From the shallow, it seems like freelancers are actually living their dream. Being able to call their own boss as well as not having a boss who’s always after you, is a desire which everybody has in today’s scenario.
While freelancing is a perfect fit for some people, what happens if—for you—that fit starts to feel a bit off?
Here are some red flags that suggest freelancing might not be your thing. But don’t fear—these warning signs you shouldn’t freelance come with solutions if you’re determined to strike out on your own.
- Firstly, Working whenever you need,
- Secondly, Making your own schedule of work,
- Thirdly, Outside agreement,
- Fourthly, Flying above the day-to-day grind,
- Lastly, Not stickled to 9-5 employment.
These are the key perks of freelancing, and exactly what makes it an appealing work option for so many people.

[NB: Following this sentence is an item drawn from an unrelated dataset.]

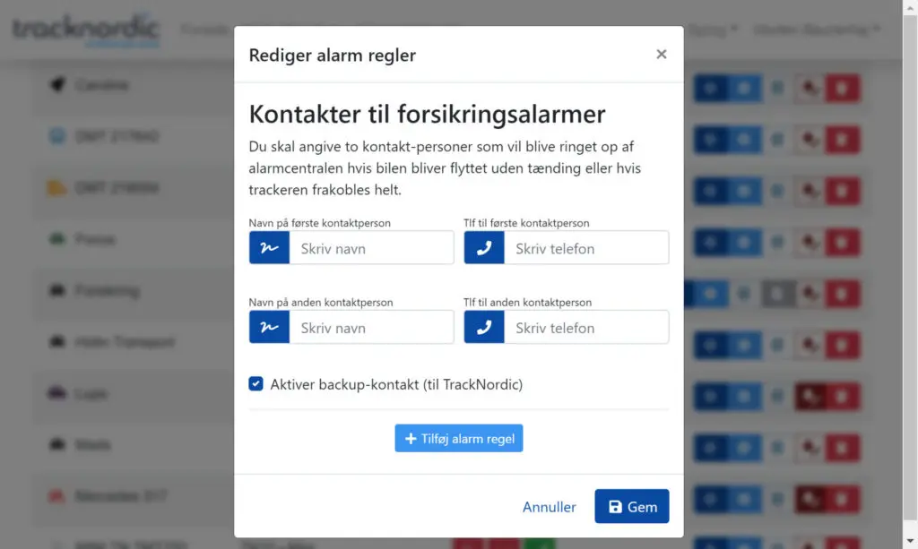 Via TrackNordic’s kontrolpanel tilknytter du nemt to kontakter til trackeren, som straks vil blive ringet op når alarmcentralen modtager en alarm. Hvis ingen af kontakterne svarer, eller ikke kan svare på hvorfor alarmen er udløst, så meldes hændelsen til politiet.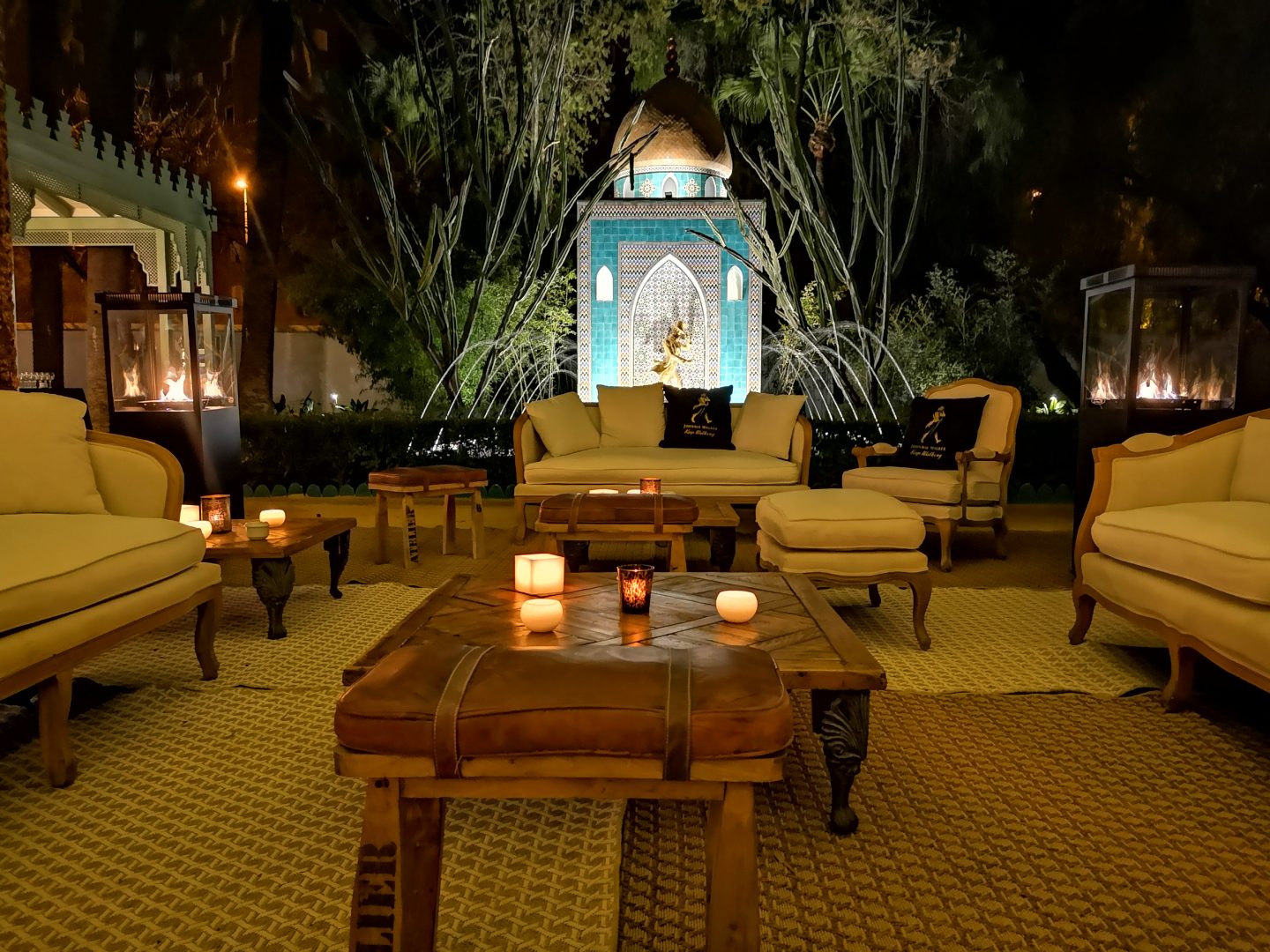 La zona VIP exterior se concibió con un estilo elegante y atemporal, utilizando nuestros conjuntos de chill out coloniales, que aportaron personalidad y distinción al espacio. La ambientación se completó con iluminación mediante velas y un techo de microled, creando una atmósfera cálida y envolvente, ideal para el encuentro y la conversación.

But what if factors in your life make this kind of extreme flexibility feel too uncertain?
If you have children or other people to care of a severe health issue, a mortgage to pay, or any other life circumstances that count on a predictable income stream, freelancing’s flexibility can become a double-edged sword.
Job Security is threatened
Sure you’ll be able to pick up your kids from school without worrying about clearing it with your manager, but you might be worried about whether you’re making
enough to pay for their expenses this month instead.
The more the security of a regular paycheck as well as dependable benefits sounds good to you, the more you might not be cut out for the sometimes spontaneous nature of freelance work.
But it doesn’t have to be an either/or situation.
Need a Freelancing Job? Here’s what all you need to do
Establishing Anchor Clients
If the potentially up to and down the nature of freelance work makes you nervous, one surefire way to shore up the consistency of your freelance income and workload
are to focus on establishing an anchor client.
Anchor clients are individuals or businesses you develop an ongoing relationship with and do a steady amount of work for every month.
Committing to an anchor client will narrow your freelance flexibility.
Practice long term freelancing
Opportunities aren’t jumping off the page from your list of previous or current clients, start actively seeking out individuals or companies looking to hire longer-time freelancers.
Meanwhile, when it comes to freelancing and security, it’s helpful to keep in mind that the grass isn’t necessarily greener on the other side.
Organization and Fertility Aren’t Your Vigorous Suit
If an organization, as well as self-directed productivity, don’t come naturally, to you, freelancing can quickly start to feel like a swamp of procrastination and looming, deferred work.
The more stuck you become, the more you might start rethinking freelance work as well as looking wistfully to the structures of full-time office life.
But with a little bit of adjustment and dedication, you can easily bring some of that office-style structure to freelancing.
What to do to make yourself organized?
You’ll never feel organized as a freelancer until you implement some organizational systems, that’s simply a fact.
But those systems don’t need to be anything overly knotty, arduous, or evocative of a manager breathing down your neck in a cubicle.
Some basic processes to help you stay focused as well as efficient will do just fine.
The most essential way to bring focus and organization to your freelance work is to regular, daily schedule.
The best part about sticking to a regular schedule as a freelancer is that you get to decide exactly what that schedule looks like.
Whether it’s using a daily to-do list, taking some time on Sunday evening to plot out your calendar for the week, deciding on fixed chunks of work time followed by planned breaks, building in time for walks as well as stretching periodically through the day, or whatever else helps to give you work day flow.
Being a part of a team is what you miss being a freelancer
When it comes to selling the flexibility and benefits of freelance work versus the rigidity of a 9-5 job, there’s one vital part of an office culture that’s sometimes overlooked—working on a team and having regular social interaction with co-workers.
Every person’s mileage varies when it comes to social needs.
Some people flourish working alone, while other people can feel confined even in a busy workplace.
What to Do if You Don’t Feel Comfortable Selling Your Skills
Feeling like you’re pestering potential clients by selling them on something they don’t want, simply look at your freelance job search as a chance to showcase what it is you’re capable of doing.
Let’s create the next big thing together!
Coming together is a beginning. Keeping together is progress. Working together is success.